Sasa extension officer for the Sezela region Dirk McElligott told journalists on a recent media tour that strip planting and harvesting helped prevent soil erosion by retaining moisture and that the trash blanket left after green harvesting reduced the amount of chemical fertiliser farmers needed to use and also decreased the amount of compaction from machinery.

“We also encourage farmers to plant a green legume crop after harvesting to allow the soil to rest, and encourage the local community to grow dry beans,” McElligott said.

In the 9- to 12-month rest between crops, the fields are rid of all noxious weeds and the soil is able to recover.

McElligott said the siting of roads, especially major extraction roads, was a fairly precise science. Water also had to be channelled to a controlled spill point.
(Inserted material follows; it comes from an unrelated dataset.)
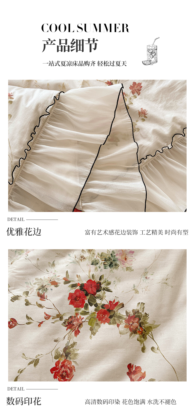 商品名称:宜凡家纺 2026新款全棉数码印花夏被床裙四件套①号系列 云栀

In the scientific management of farms, the slope of the land decides the interval of terraces and varieties are changed regularly because yields decline from the old roots. In some places, oxen are still used to plough the fields to ensure minimum disturbance of the soil.

Illovo’s Sezela farm has practised green cane harvesting for the last five seasons and a recent study has shown that yields have increased as a result.

While green cane harvesting is more labour intensive, and, therefore, more costly, the indirect cash benefits in the form of improved weed control, nutrient replacement and soil moisture enhance- ment far outweigh increased harvesting costs.

The study also showed that, compared with growers who burn cane at harvesting, those who only trash experience an aver- age yield increase of about 15 t/ha of cane.

Several challenges remain, including resistance from cane cutters, who often light the cane themselves, starting fires that get out of control. Illovo believes that the benefits of trashing can be further enhanced through ongoing cane cutter training and good management. However, burning cane still remains a good management tool to deal with cane that has fallen over, to prepare fields for replanting, to deal with pests and diseases and to better manage the crop where it is grown in wet, cold valley bottoms.